## STORED DATA

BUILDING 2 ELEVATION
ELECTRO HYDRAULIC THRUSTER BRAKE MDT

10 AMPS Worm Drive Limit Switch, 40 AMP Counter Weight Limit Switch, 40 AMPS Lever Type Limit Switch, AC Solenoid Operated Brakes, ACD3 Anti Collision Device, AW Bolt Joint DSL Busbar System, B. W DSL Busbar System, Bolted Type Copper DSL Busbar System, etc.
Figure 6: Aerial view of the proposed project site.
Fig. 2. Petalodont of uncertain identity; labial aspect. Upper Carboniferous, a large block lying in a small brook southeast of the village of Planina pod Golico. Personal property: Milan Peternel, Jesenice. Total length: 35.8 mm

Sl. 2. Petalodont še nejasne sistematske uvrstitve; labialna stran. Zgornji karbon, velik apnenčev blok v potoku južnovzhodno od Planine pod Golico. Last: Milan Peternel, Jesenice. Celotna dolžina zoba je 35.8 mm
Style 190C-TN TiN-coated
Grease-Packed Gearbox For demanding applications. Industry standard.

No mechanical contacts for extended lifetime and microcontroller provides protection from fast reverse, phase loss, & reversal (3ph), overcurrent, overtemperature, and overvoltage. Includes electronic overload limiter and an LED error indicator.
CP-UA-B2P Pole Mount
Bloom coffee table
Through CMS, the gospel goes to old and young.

---

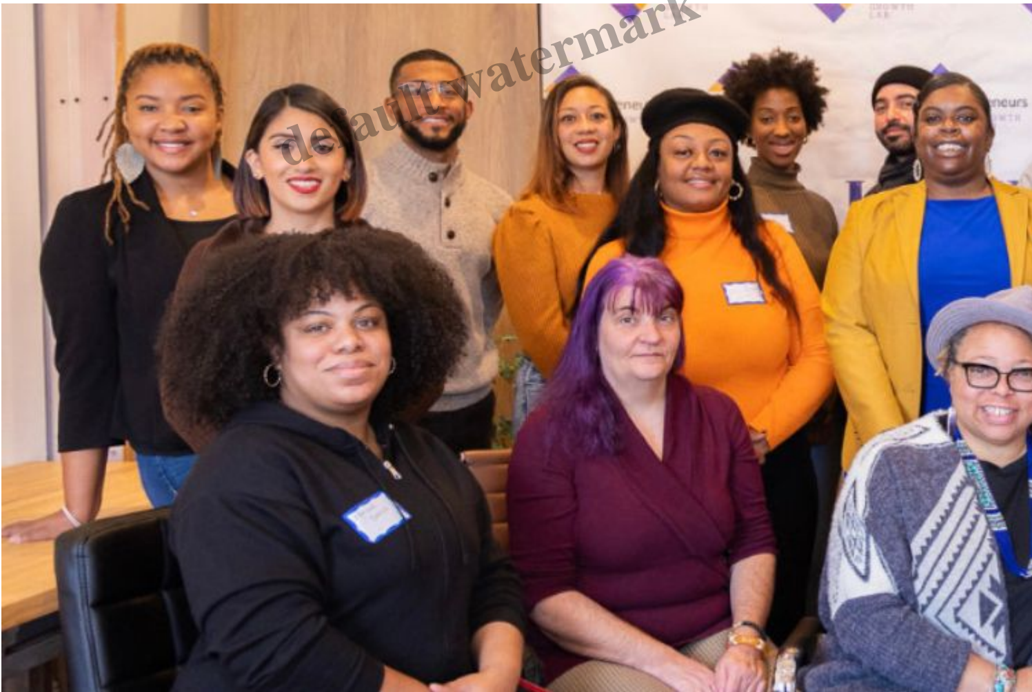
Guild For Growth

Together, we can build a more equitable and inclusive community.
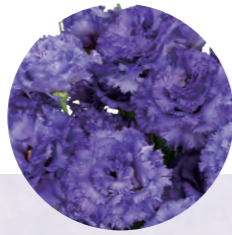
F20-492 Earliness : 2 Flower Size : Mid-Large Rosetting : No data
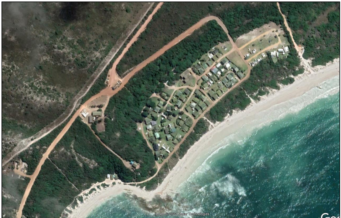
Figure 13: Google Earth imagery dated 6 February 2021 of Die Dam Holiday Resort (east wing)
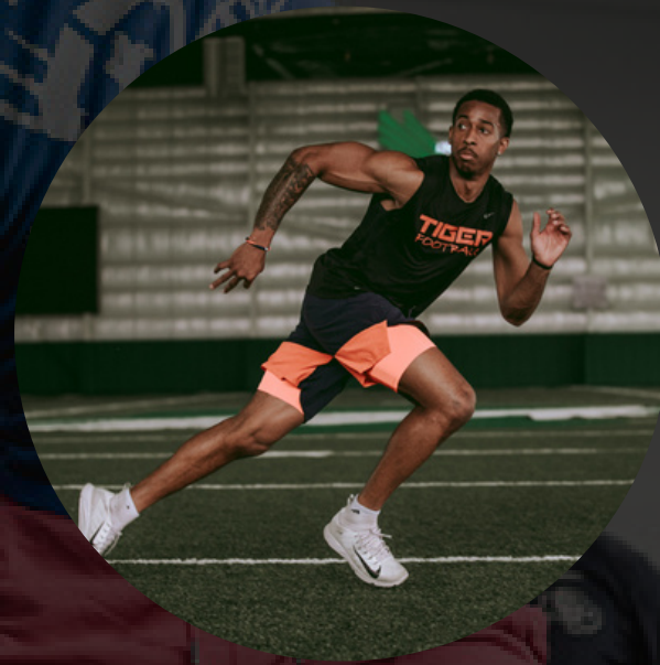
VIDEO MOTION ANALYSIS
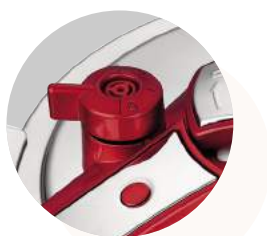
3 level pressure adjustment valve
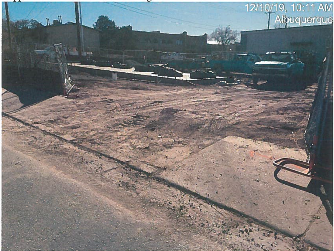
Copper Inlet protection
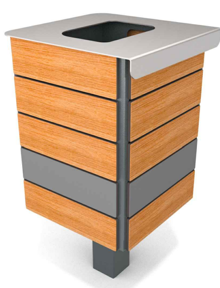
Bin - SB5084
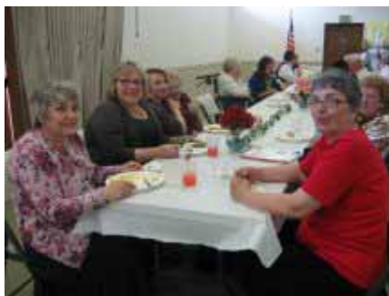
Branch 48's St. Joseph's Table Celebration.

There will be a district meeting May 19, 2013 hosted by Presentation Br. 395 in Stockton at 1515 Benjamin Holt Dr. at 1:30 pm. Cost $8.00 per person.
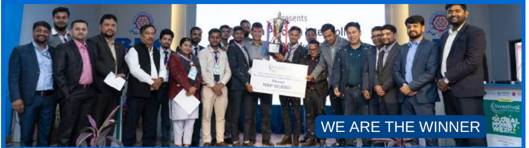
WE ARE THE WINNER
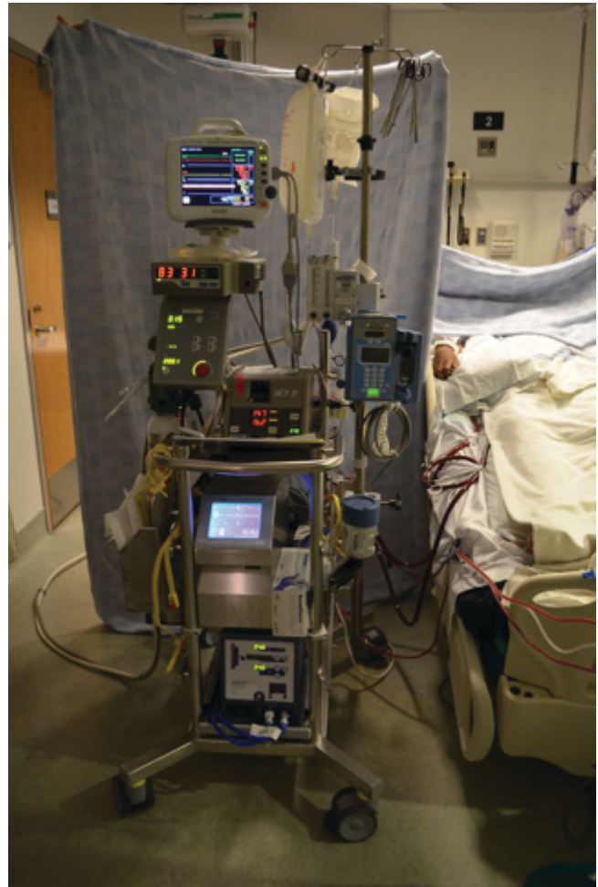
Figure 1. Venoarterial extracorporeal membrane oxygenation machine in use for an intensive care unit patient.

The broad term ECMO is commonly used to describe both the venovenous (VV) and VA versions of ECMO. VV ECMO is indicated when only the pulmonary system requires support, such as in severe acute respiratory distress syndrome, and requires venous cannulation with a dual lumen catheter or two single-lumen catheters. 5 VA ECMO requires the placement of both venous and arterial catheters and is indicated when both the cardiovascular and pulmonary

* * *

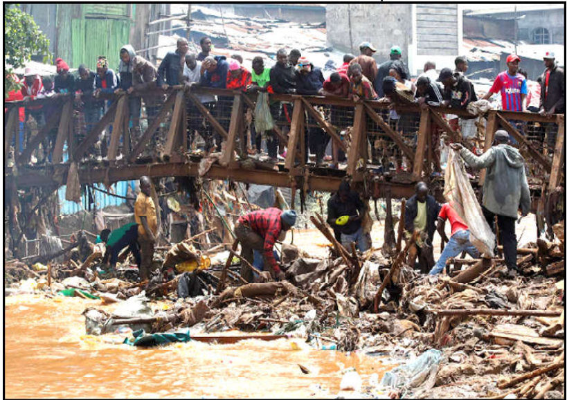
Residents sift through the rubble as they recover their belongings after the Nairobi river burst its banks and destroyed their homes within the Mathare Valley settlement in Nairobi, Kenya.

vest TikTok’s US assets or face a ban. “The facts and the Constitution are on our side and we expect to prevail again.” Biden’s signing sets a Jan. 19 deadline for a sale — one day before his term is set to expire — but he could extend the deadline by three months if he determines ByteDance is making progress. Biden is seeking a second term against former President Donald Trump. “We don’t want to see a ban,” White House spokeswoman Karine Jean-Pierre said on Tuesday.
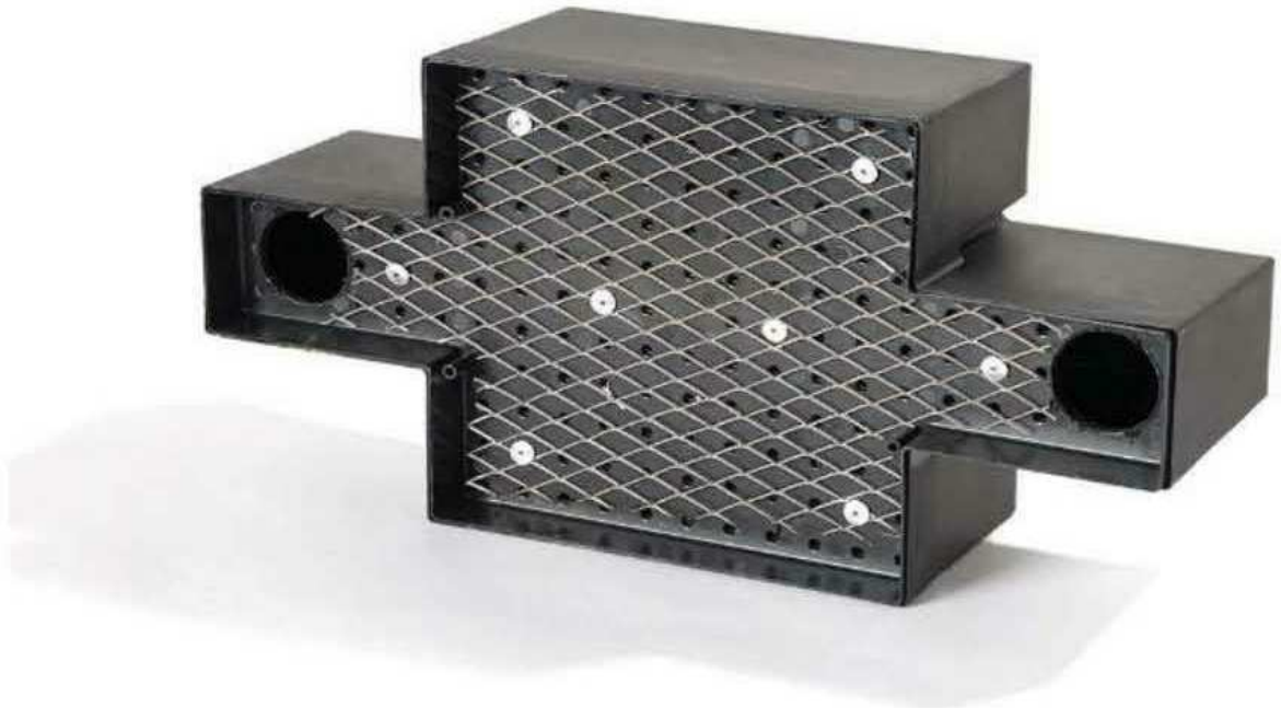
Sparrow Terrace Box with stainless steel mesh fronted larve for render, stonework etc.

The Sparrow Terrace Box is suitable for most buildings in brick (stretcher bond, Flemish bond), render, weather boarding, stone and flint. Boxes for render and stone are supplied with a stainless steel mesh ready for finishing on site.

## TASK
As listed above, the lines from the line with "BUILDING 2 ELEVATION" to the line with "Grease-Packed Gearbox For" are to be echoed exactly, with both ends included and nothing added.

## ANSWER FOR THIS EXERCISE
BUILDING 2 ELEVATION
ELECTRO HYDRAULIC THRUSTER BRAKE MDT

10 AMPS Worm Drive Limit Switch, 40 AMP Counter Weight Limit Switch, 40 AMPS Lever Type Limit Switch, AC Solenoid Operated Brakes, ACD3 Anti Collision Device, AW Bolt Joint DSL Busbar System, B. W DSL Busbar System, Bolted Type Copper DSL Busbar System, etc.
Figure 6: Aerial view of the proposed project site.
Fig. 2. Petalodont of uncertain identity; labial aspect. Upper Carboniferous, a large block lying in a small brook southeast of the village of Planina pod Golico. Personal property: Milan Peternel, Jesenice. Total length: 35.8 mm

Sl. 2. Petalodont še nejasne sistematske uvrstitve; labialna stran. Zgornji karbon, velik apnenčev blok v potoku južnovzhodno od Planine pod Golico. Last: Milan Peternel, Jesenice. Celotna dolžina zoba je 35.8 mm
Style 190C-TN TiN-coated
Grease-Packed Gearbox For demanding applications. Industry standard.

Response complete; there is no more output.